• [Task objective]
Retype word for word the stretch of entries below from the line that has "中間休みには,かろうじて外で大なわとびの練習ができました。" through the line that has "La commode MARRON", and omit the pictures.

* * * * * * * * *

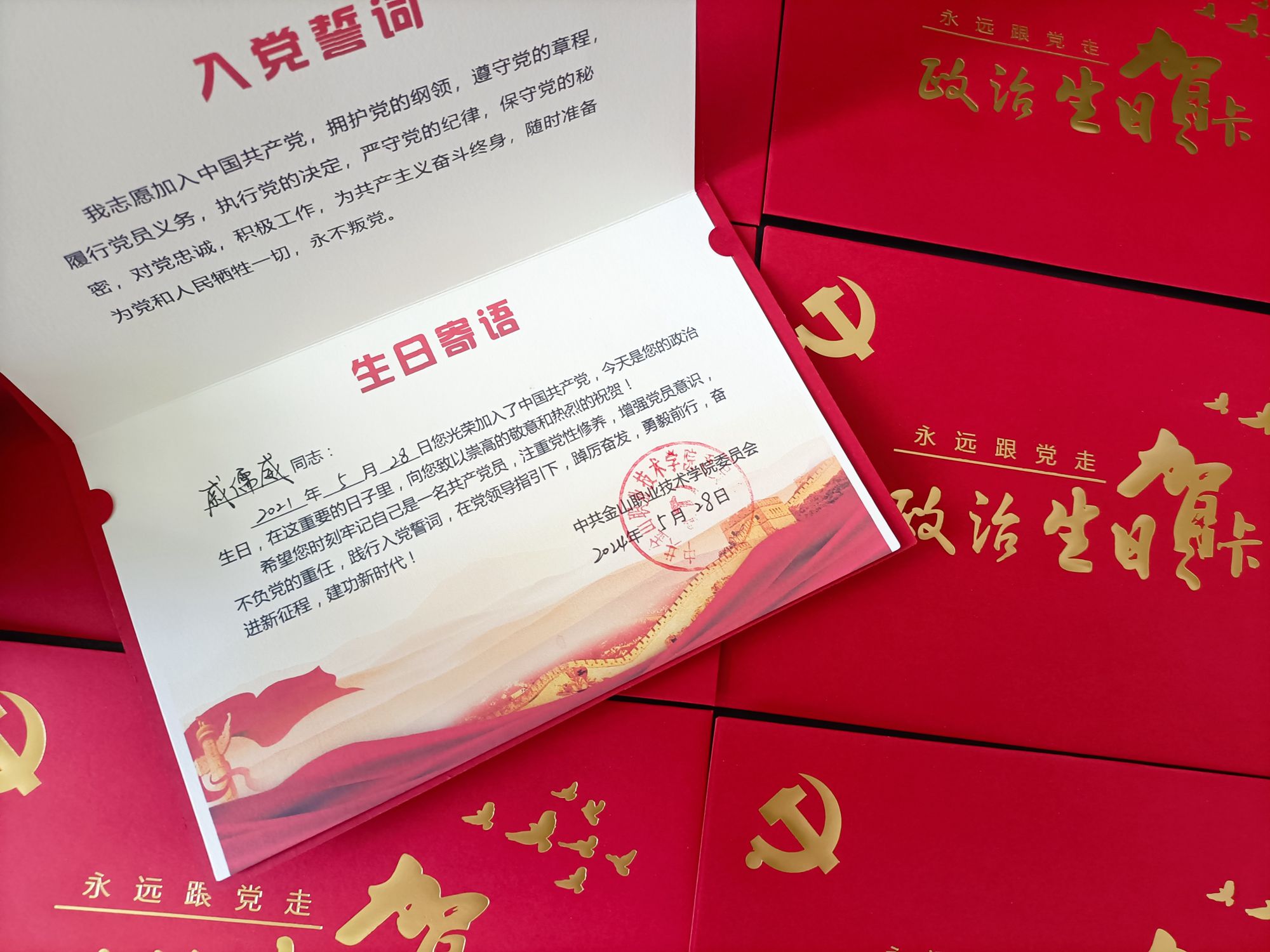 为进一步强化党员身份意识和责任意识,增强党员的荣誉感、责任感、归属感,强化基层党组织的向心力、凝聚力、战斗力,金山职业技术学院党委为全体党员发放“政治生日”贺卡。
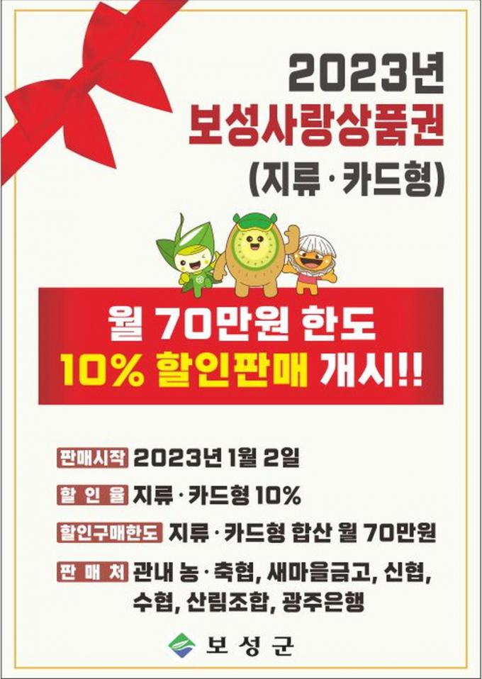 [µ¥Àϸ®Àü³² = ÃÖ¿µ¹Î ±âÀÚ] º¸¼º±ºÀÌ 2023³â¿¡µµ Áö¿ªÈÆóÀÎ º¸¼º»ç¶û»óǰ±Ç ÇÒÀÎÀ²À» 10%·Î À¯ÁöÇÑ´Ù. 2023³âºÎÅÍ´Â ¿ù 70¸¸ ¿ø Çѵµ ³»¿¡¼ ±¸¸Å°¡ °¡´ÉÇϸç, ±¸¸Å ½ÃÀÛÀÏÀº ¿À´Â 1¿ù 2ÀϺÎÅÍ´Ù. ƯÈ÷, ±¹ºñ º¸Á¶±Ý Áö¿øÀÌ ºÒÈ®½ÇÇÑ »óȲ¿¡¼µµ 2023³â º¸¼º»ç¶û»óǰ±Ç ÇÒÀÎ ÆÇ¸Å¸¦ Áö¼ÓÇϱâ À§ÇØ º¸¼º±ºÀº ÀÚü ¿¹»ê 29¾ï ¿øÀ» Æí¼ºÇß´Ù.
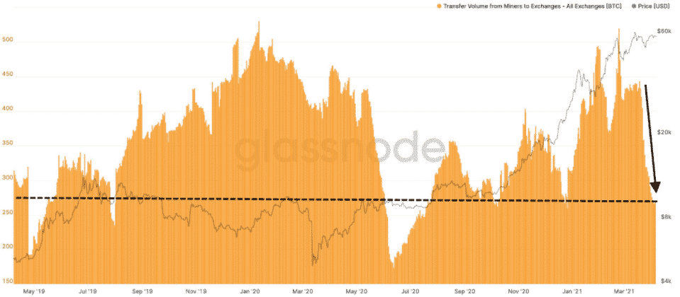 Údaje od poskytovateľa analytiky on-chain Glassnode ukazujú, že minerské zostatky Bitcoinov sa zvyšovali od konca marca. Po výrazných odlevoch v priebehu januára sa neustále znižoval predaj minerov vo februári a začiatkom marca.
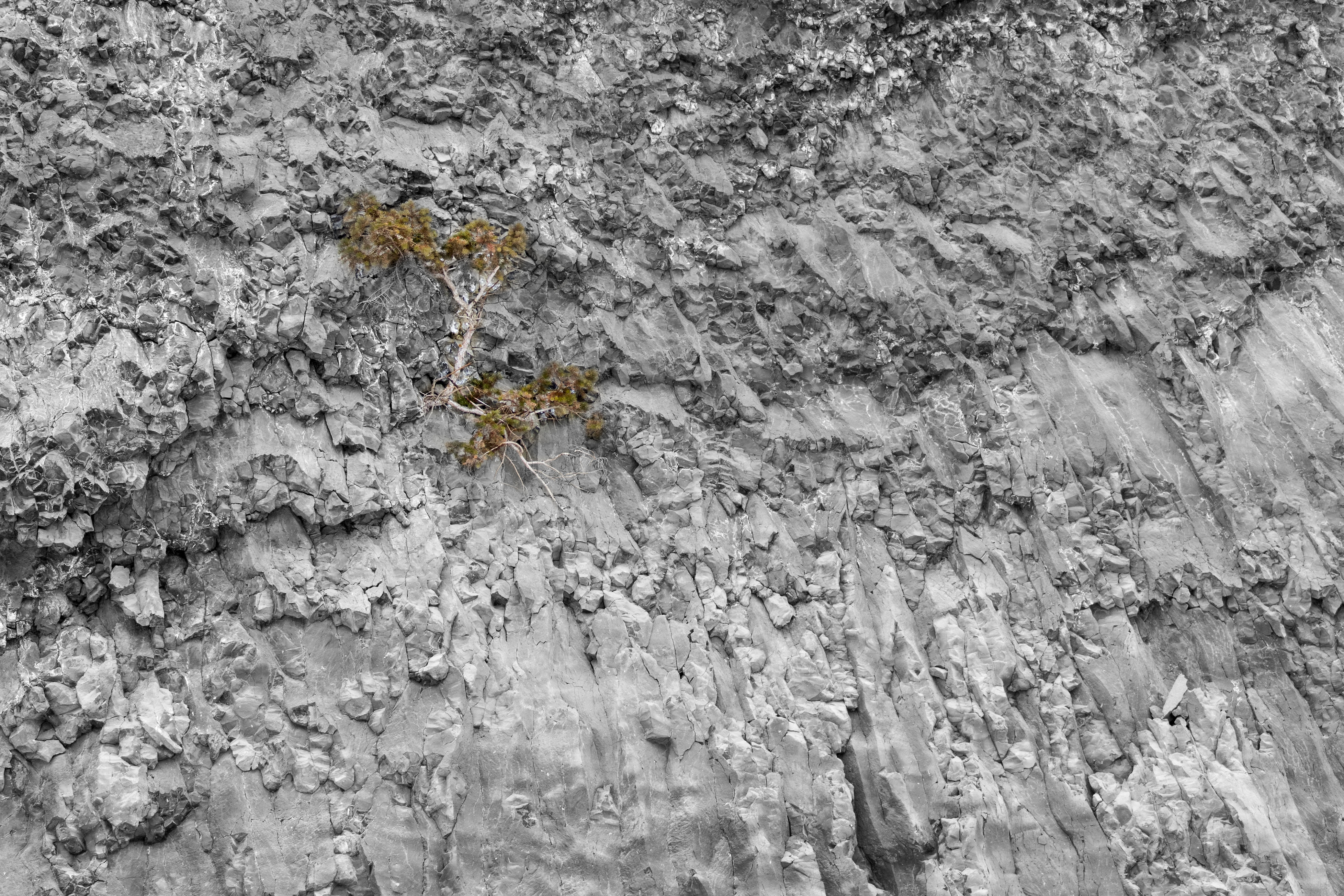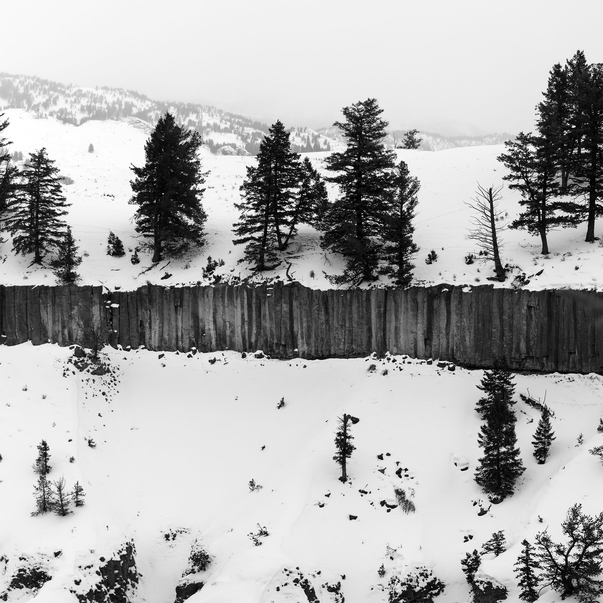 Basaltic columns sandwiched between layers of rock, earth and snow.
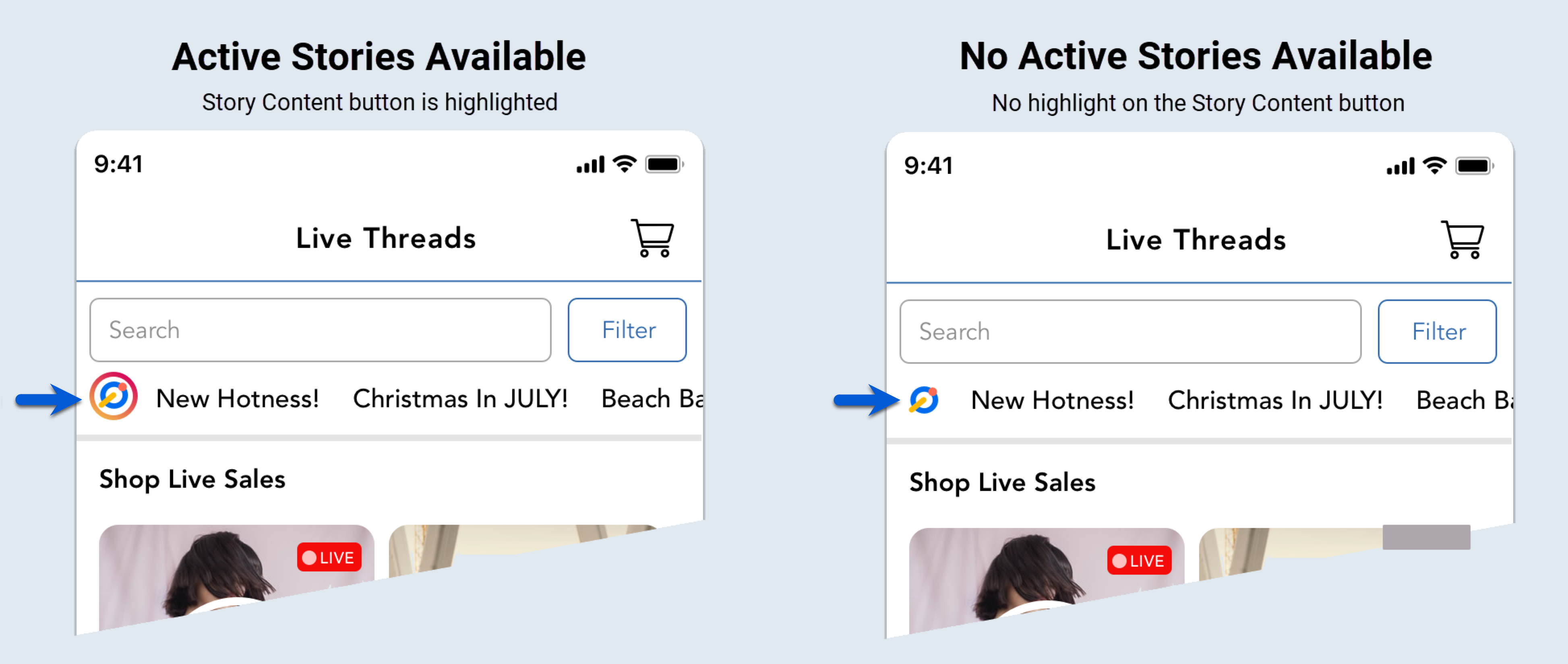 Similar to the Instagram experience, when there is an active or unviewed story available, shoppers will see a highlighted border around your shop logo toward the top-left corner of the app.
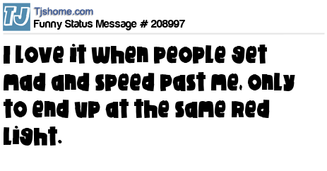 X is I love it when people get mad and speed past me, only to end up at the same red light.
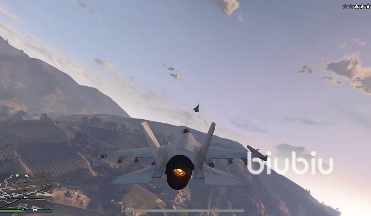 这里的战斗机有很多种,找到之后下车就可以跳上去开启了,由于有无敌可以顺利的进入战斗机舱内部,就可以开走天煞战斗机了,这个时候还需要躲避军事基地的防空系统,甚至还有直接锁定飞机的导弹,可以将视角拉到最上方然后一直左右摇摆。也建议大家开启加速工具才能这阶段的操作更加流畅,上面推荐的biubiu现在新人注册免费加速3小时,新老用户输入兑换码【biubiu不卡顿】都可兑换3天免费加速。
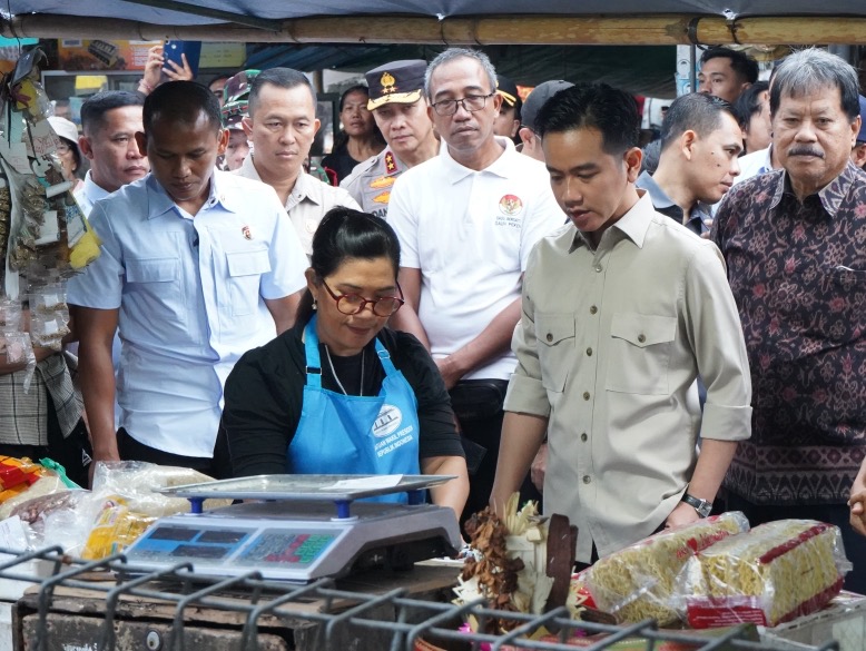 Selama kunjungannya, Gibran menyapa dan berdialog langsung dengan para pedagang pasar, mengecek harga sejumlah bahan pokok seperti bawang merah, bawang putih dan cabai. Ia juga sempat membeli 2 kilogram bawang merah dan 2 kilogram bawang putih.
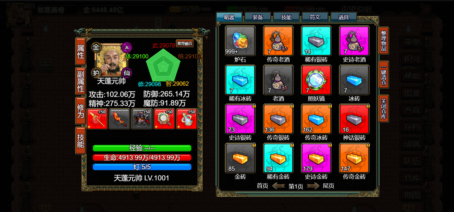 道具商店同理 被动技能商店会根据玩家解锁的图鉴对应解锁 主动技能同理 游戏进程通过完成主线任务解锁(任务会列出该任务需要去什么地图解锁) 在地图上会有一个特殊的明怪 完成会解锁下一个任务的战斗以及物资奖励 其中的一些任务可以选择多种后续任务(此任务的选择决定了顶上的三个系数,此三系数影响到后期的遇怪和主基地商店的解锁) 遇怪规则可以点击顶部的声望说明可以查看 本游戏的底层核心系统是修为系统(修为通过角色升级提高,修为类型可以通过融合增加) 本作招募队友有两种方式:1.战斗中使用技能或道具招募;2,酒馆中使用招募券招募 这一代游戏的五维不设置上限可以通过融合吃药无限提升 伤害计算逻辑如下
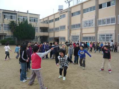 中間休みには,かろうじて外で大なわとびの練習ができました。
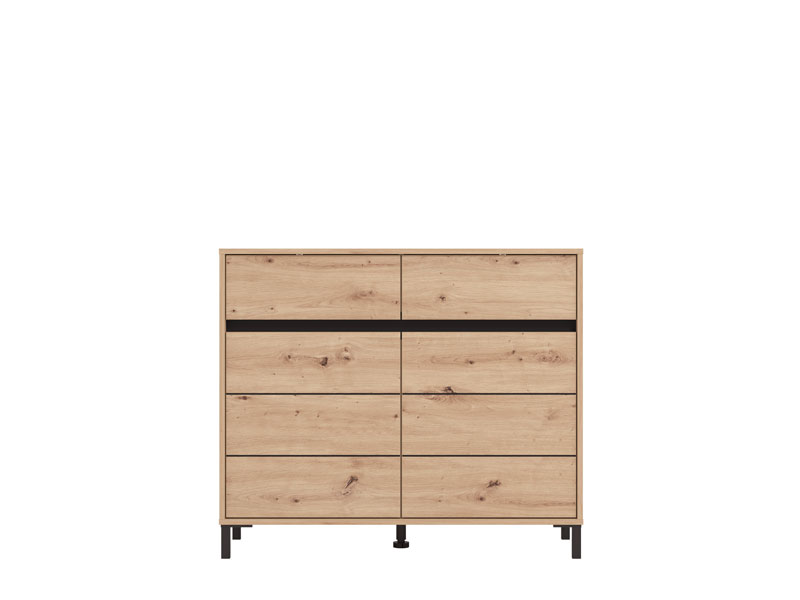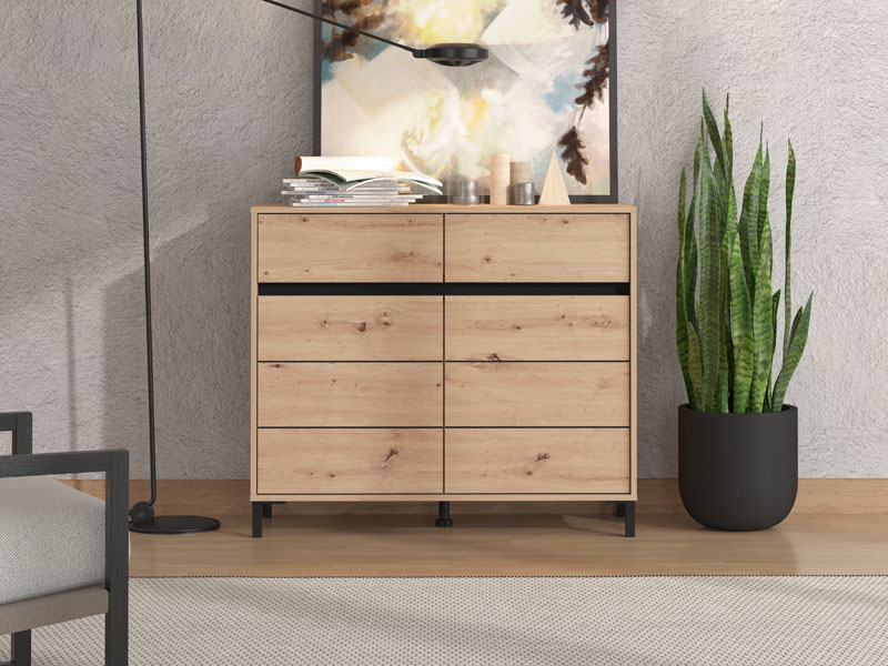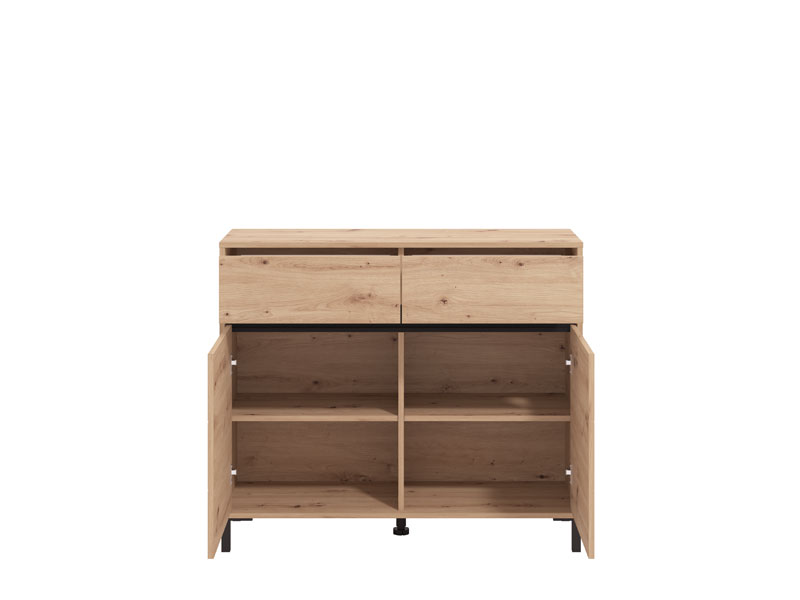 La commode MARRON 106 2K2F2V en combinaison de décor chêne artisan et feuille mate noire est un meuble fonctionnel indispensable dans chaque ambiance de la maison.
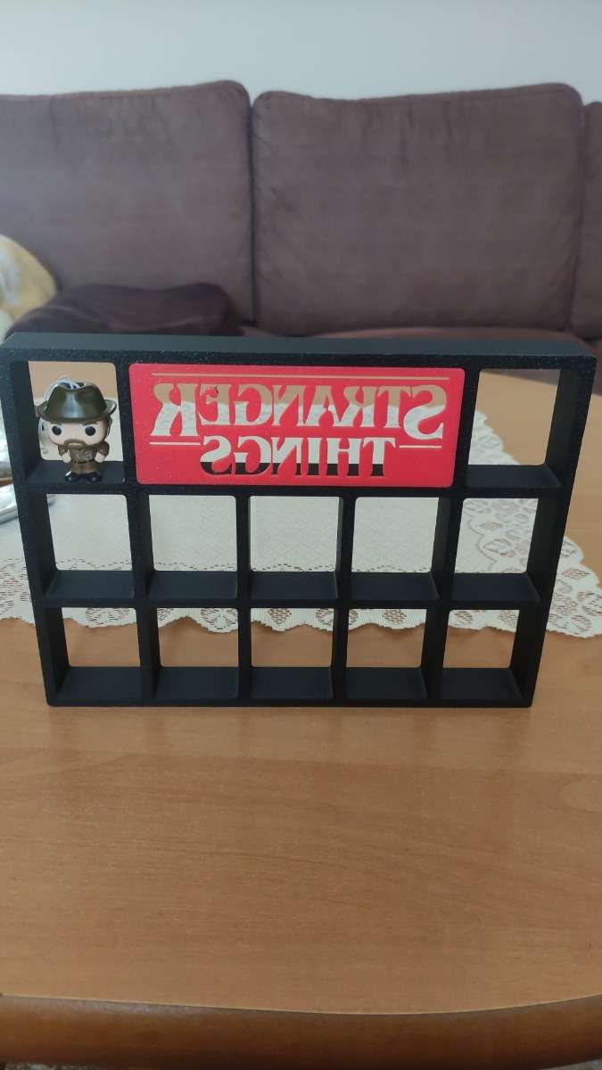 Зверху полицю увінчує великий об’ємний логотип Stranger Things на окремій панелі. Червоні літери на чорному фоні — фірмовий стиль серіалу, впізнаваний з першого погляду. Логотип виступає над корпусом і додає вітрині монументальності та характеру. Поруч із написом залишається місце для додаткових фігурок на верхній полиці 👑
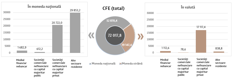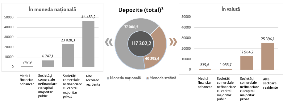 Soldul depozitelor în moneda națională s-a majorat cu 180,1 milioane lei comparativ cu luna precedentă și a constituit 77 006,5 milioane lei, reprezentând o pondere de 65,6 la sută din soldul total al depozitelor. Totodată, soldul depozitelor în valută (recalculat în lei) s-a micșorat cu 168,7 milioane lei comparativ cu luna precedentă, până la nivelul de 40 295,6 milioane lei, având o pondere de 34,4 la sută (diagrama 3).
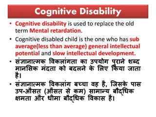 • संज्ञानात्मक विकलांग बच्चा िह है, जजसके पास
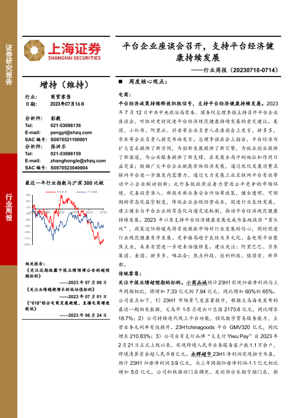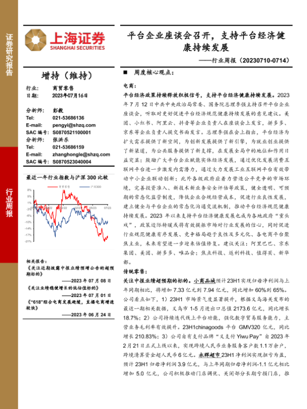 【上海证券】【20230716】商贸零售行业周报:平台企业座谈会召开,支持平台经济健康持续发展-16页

* * * * * * * * *

• [Response to this exercise]
 中間休みには,かろうじて外で大なわとびの練習ができました。
 La commode MARRON 106 2K2F2V en combinaison de décor chêne artisan et feuille mate noire est un meuble fonctionnel indispensable dans chaque ambiance de la maison.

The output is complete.